11. Animal rights, hunting and fishing, wearing furs, eating meat: activist issues with an existential basis, and which are also surrounded by form. Just as there is a question of when it is ethical to end a human life, so the same question exists when we consider ending the lives of other species. We obviously must take some lives, if only of plants, since our survival depends on it. But should we take the lives of sensate organisms, and if so in what circumstances? As an ethic, we have seen that this is acceptable only when we do it to support ourselves personally, and also that we should seek to minimize it. Therefore, there is a basis for an activist response to such things as wearing furs, and sport hunting and fishing where we do not personally consume our “kill,” since for the former we do not need furs (we have other options), and for the latter we do not use what we destroy. Furthermore, activists can (and should) strive to educate us to follow a higher ethic, such as not hunting and fishing at all, or using animal products, but not attempt to force us to behave this way, since that would be form.

However, this argument does not extend to the humiliation and torture of animals. Animal rights activists are fully justified in opposing this, including through direct action. But even still, there is a limit. The most extreme activists have threatened physical violence against animal lab experimenters, and they justify this with the idea of the lesser evil. Killing a vivisectionist may be wrong, they say, but by doing it they prevent a greater wrong, i.e., it is the lesser of two evils. But, as should be clear by now, this is the same argument as the greater good: using an ethical end to justify an unethical means. (Also, it assumes that we have no options other than “evil” ones.)

Do you threaten vivisectionists (or abortion doctors), as on internet “hitlists”? No. It is unethical. It is terrorism. You do create a fear for life in the target. Also, even if you do not act (and even never planned to), it could encourage others to do so such that the threat is fulfilled.

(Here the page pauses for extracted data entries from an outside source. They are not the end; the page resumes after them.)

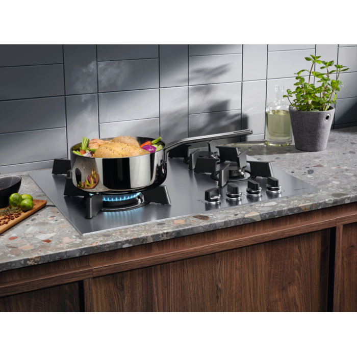 У конструкції варильної панелі використано функцію Step Power, що дозволяє максимально гнучко налаштовувати потужність конфорок, в залежності від кулінарних потреб. Додатковими перевагами є легке очищення нержавіючої сталі, що робить догляд за поверхнею надзвичайно простим. Наявність термопари забезпечує підвищену безпеку, захищаючи від витоків газу.
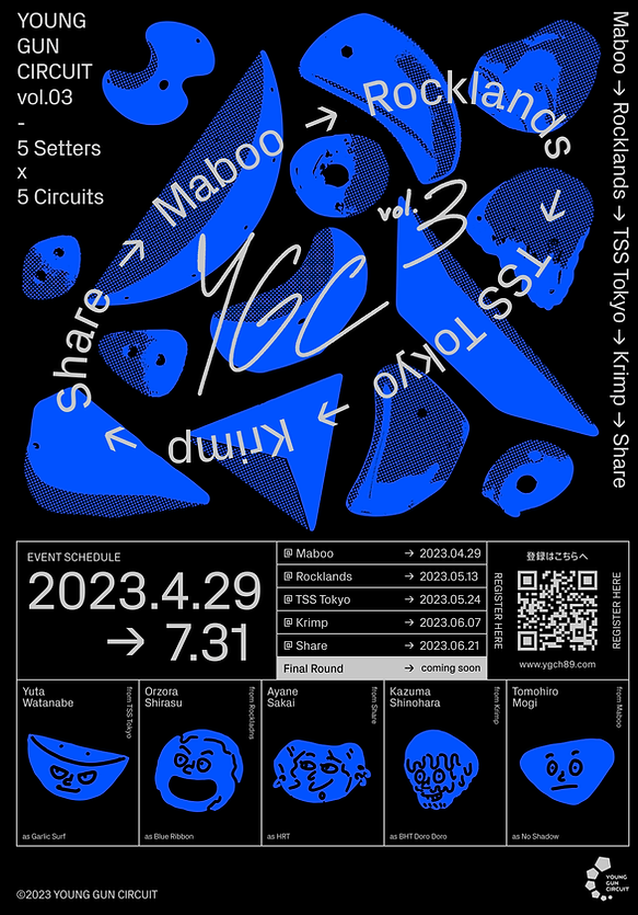 | 場所 | 各ボルダリングジム MABOO(東京都武蔵村山市) ROCKLANDS(東京都江戸川区) THE STONE SESSION TOKYO(東京都墨田区) Krimp(東京都大田区) Share(神奈川県横浜市) |
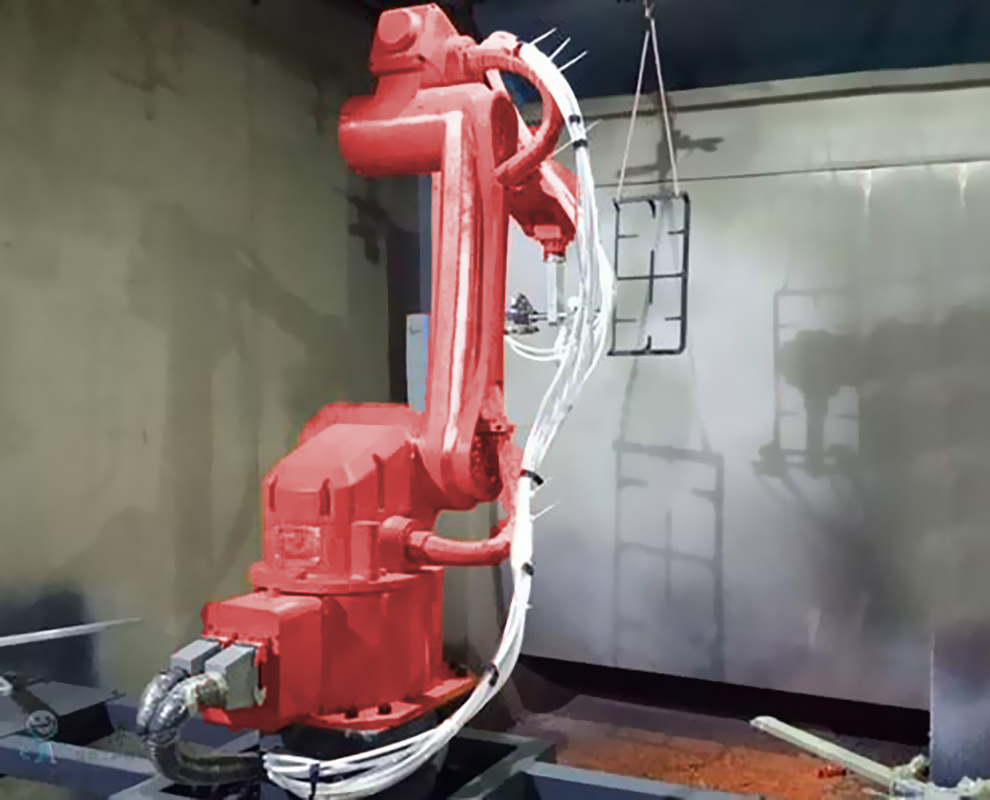 机器人喷涂也有缺点,在喷涂过程中由于油漆吸取有空气进入喷枪会发生喷涂飞溅现象,造成油漆浪费,近距离看,可见微小颗粒。
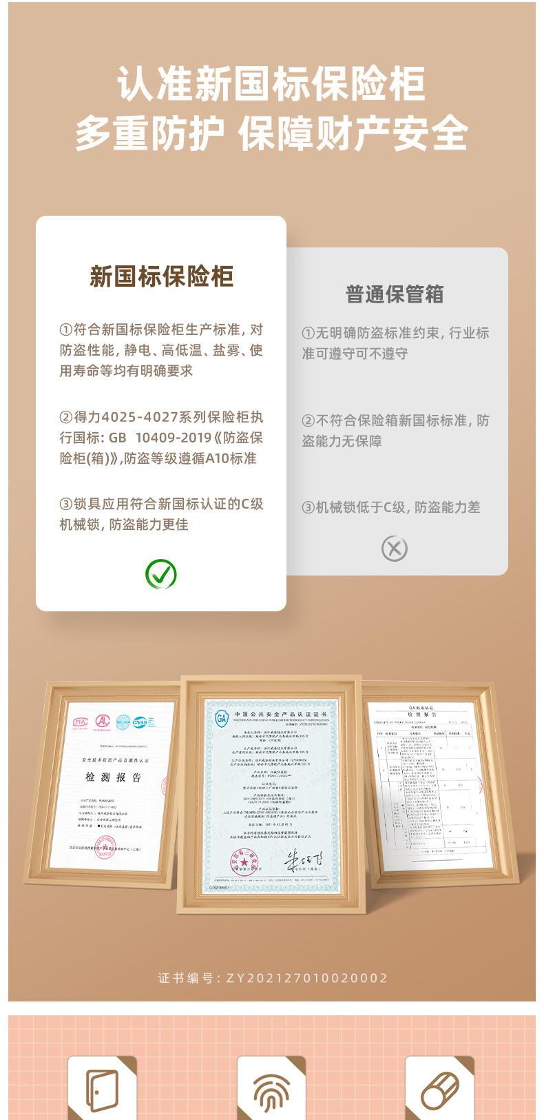 Sản phẩm nổi bật với các tính năng: Deli 4025 két sắt an toàn hộ gia đình 4027 vân tay mật khẩu két sắt tiêu chuẩn quốc gia mới 4026 chống trộm điện tử. Quý khách có nhu cầu mua Két sắt nhập khẩu vui lòng liên hệ với chúng tôi để được tư vấn hỗ trợ. Dịch vụ mua hàng Trung Quốc sẽ hỗ trợ quý khách mua hàng từ nhà cung cấp và giao tới tận tay quý khách hàng..
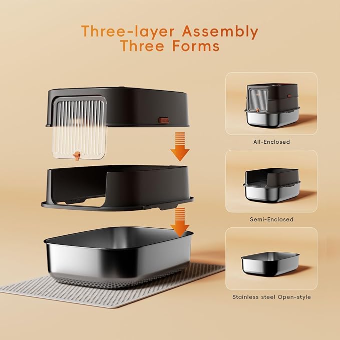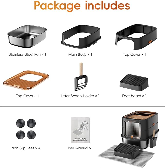 - Easy Clean & Full Set: This easy clean litter box has a detachable design. The enclosed stainless steel litter box comes with pedal, litter tracking mat, and cat litter scoop set.
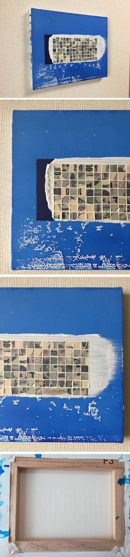 本物の紙幣を使い、通貨制度と紙幣番号により、同じ作品が存在できないコンセプチャルアート。紙幣を切る・混ぜる・見ないで選ぶ・順番に張る、オートマティックペイント作品。
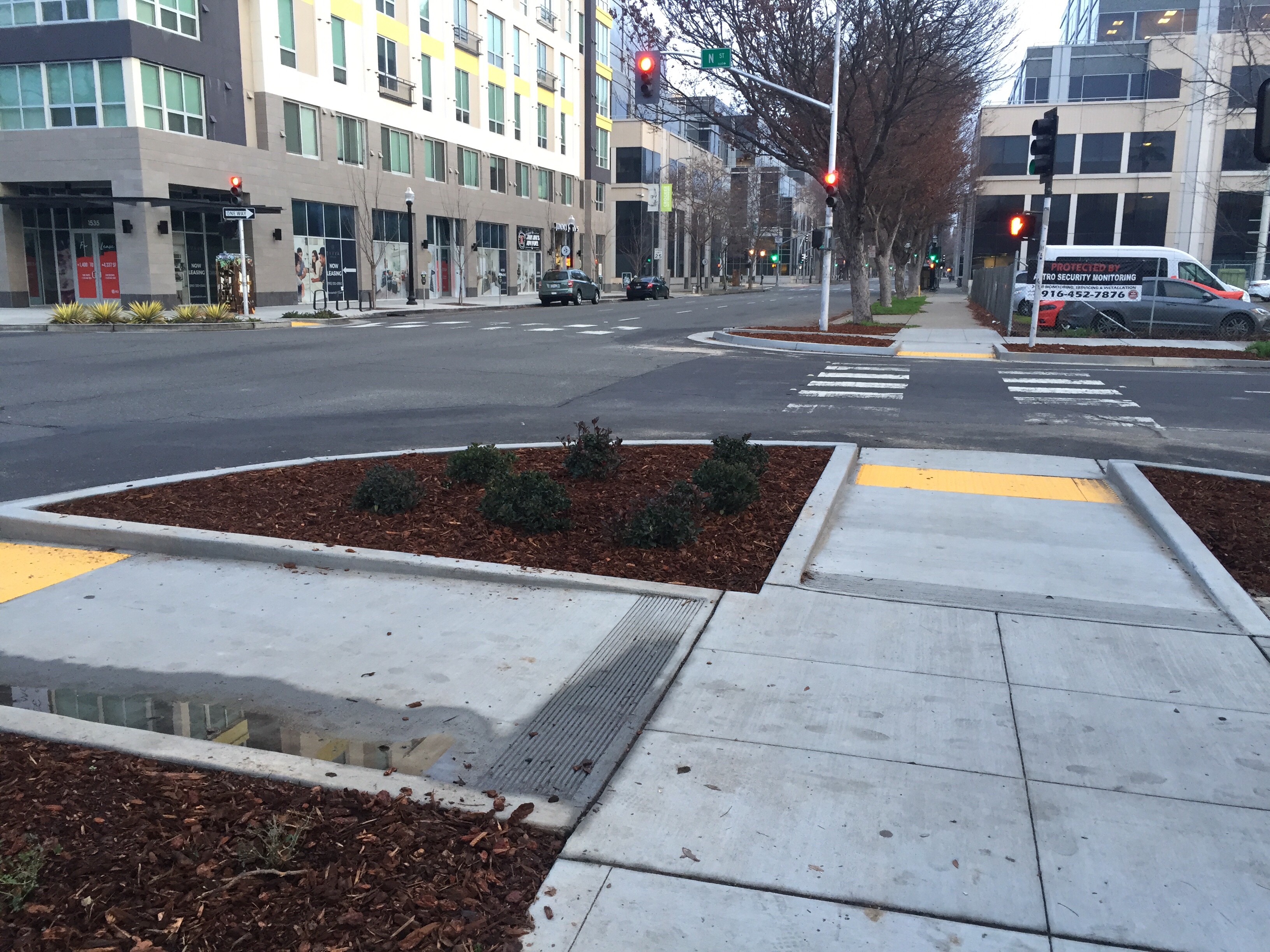Curb extensions, also called bulb-outs, have been installed on all four corners at the intersection of 16th Street and N Street in midtown Sacramento. The extensions are the width of the parking lanes along both these streets. N Street has bikes lanes, which are not restricted by the extensions, while 16th Street does not have bike lanes, and won’t until the street is reconstructed into a more complete street at some unknown point in the future.
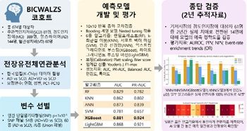 질병관리청 국립보건연구원은 한국인 치매 코호트인 ‘만성뇌혈관질환 바이오뱅크 컨소시엄’ 674명의 임상 및 유전체 정보를 활용해 6종의 인공지능 알고리즘을 비교·분석해 한국인 맞춤형 치매 예측 모델을 개발했다. 연구 결과는 2025년 11월 온라인으로 게재됐다.
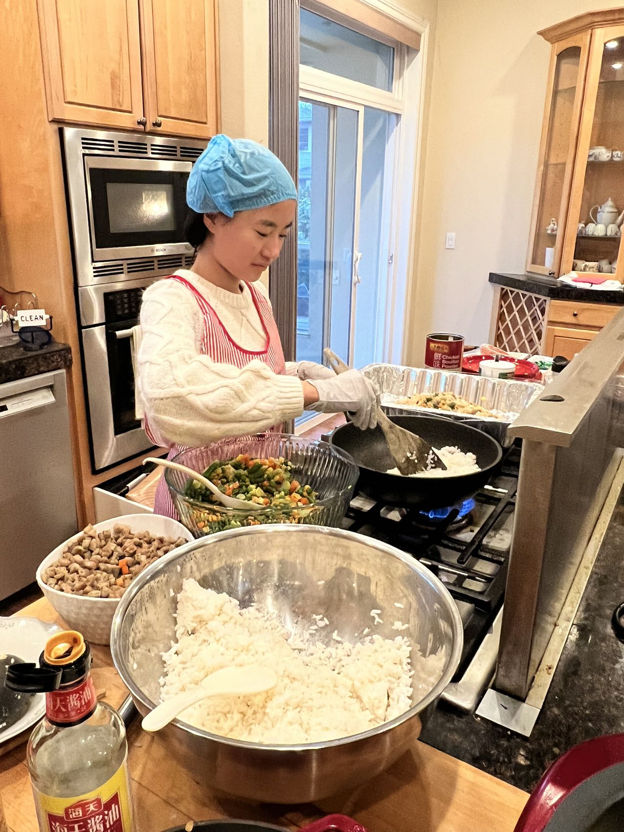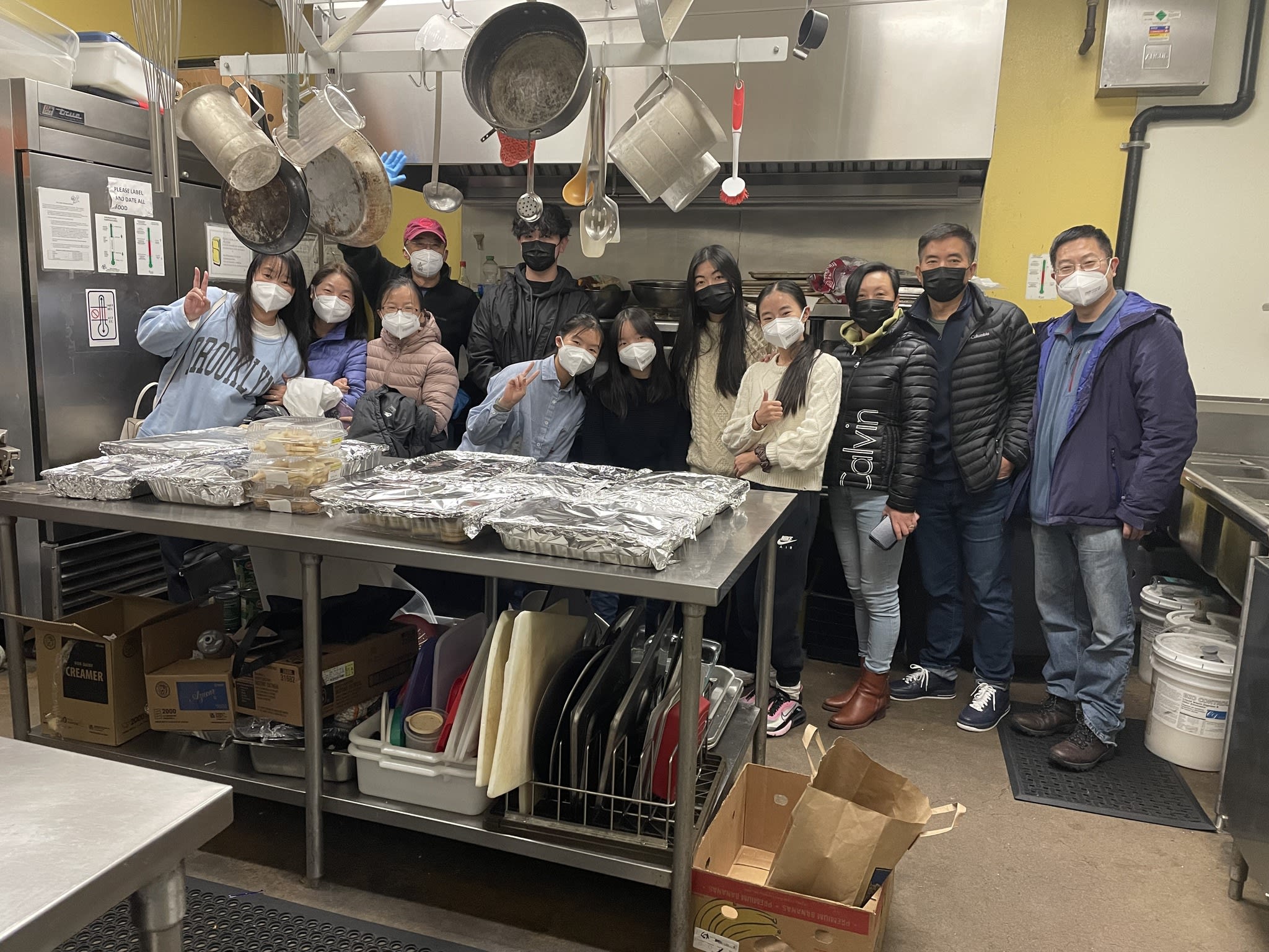 昨天来自社区的10个家庭再次来到唯一市中心的庇护所,给超过50位住在那里的人们提供了一顿丰盛的晚餐,这次做的饭菜数量超多,剩下的足够第二天用作午餐了。整个活动仍然是中学生们担当重任,从准备食材,到上灶,再到派饭。这次来派饭的孩子们应该都是第一次,从刚开始的不知所措到进入状态也就是前后半个小时的时间。从两个录像片段中可以看到孩子们与领取食物人们相互交流。
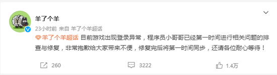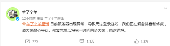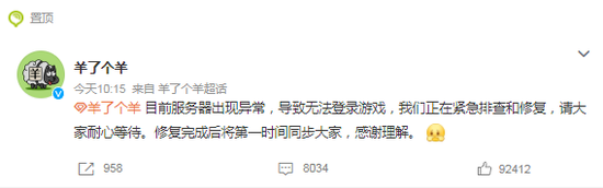 由于该游戏太火爆,其服务器也出现异常现象。甚至有网友反映游戏不到24小时崩了3次。对此,游戏官方微博表示,目前服务器出现异常,导致无法登录游戏,公司正在紧急排查和修复,请大家耐心等待。修复完成后将第一时间同步大家,感谢理解。
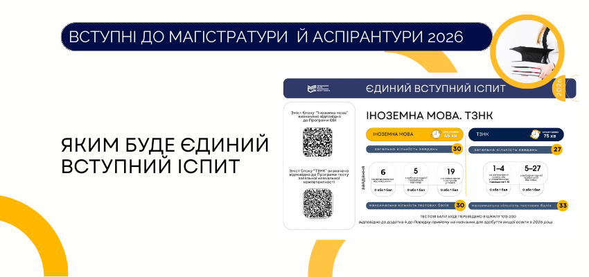 Як повідомляв Укрінформ, у 2026 році основні сесії вступних іспитів до магістратури проходитимуть з 26 червня до 14 липня, додаткові – з 3 до 21 серпня. Основні сесії вступних іспитів до аспірантури триватимуть протягом 14—29 липня, додаткові – 24—28 серпня.

In addition, we need to make a closer examination of the idea that meat is murder. I, personally, reject this. Carnivorous consumption is part of our evolution, and as such, while it should be opposed, it cannot be prohibited. However, our broader actions against nature do justify such a response. Just as we are beginning to prosecute dictators and their co-conspirators for crimes against humanity, so too should our real environmental terrorists be punished for crimes against nature.